## Exercise data
* * * * *

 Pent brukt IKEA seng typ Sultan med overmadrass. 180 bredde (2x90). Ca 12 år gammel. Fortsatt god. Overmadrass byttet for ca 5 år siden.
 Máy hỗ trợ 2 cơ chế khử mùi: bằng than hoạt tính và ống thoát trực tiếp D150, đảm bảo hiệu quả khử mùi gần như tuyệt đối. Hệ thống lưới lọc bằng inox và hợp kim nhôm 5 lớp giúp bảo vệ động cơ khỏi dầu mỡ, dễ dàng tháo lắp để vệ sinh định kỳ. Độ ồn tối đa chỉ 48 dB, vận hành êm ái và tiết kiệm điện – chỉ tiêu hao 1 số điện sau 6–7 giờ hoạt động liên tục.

* * * * *

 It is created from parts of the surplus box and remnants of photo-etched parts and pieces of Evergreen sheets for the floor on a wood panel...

* * * * *

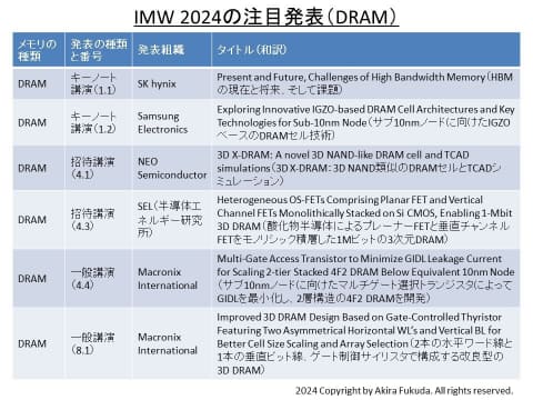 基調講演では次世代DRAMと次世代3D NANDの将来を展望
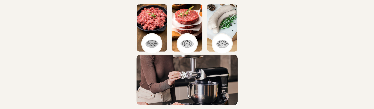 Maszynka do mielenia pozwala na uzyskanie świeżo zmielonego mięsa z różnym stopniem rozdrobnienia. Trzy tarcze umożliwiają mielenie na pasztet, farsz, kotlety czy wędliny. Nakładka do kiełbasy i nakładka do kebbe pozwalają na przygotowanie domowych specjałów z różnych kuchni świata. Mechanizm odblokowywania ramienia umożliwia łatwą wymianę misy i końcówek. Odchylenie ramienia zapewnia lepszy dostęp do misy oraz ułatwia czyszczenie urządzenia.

* * * * *

## Work to complete
Copy out, exactly and alone, the lines of the entries above between the ones holding "Pent brukt IKEA" and "Máy hỗ trợ 2", inclusive.

## Result for this exercise
 Pent brukt IKEA seng typ Sultan med overmadrass. 180 bredde (2x90). Ca 12 år gammel. Fortsatt god. Overmadrass byttet for ca 5 år siden.
 Máy hỗ trợ 2 cơ chế khử mùi: bằng than hoạt tính và ống thoát trực tiếp D150, đảm bảo hiệu quả khử mùi gần như tuyệt đối. Hệ thống lưới lọc bằng inox và hợp kim nhôm 5 lớp giúp bảo vệ động cơ khỏi dầu mỡ, dễ dàng tháo lắp để vệ sinh định kỳ. Độ ồn tối đa chỉ 48 dB, vận hành êm ái và tiết kiệm điện – chỉ tiêu hao 1 số điện sau 6–7 giờ hoạt động liên tục.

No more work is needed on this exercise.